What the task requires:
From the records below, print exactly the lines starting at the one containing "Skjerfring til silkjeskjerf" and ending at the one containing "Ezen nem csak", ends included, and nothing else.

Entries supplied:
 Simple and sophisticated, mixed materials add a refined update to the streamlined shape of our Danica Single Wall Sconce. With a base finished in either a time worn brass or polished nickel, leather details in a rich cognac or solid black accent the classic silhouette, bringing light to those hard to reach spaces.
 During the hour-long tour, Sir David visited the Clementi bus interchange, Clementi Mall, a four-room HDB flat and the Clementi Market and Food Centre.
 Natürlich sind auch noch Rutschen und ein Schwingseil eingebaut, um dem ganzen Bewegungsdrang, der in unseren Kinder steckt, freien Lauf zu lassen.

---

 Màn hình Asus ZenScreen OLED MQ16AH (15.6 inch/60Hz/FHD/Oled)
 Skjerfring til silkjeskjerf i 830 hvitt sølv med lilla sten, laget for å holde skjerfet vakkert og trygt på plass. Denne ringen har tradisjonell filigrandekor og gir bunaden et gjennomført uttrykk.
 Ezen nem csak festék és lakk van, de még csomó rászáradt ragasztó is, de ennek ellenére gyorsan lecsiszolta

Exercise result:
 Skjerfring til silkjeskjerf i 830 hvitt sølv med lilla sten, laget for å holde skjerfet vakkert og trygt på plass. Denne ringen har tradisjonell filigrandekor og gir bunaden et gjennomført uttrykk.
 Ezen nem csak festék és lakk van, de még csomó rászáradt ragasztó is, de ennek ellenére gyorsan lecsiszolta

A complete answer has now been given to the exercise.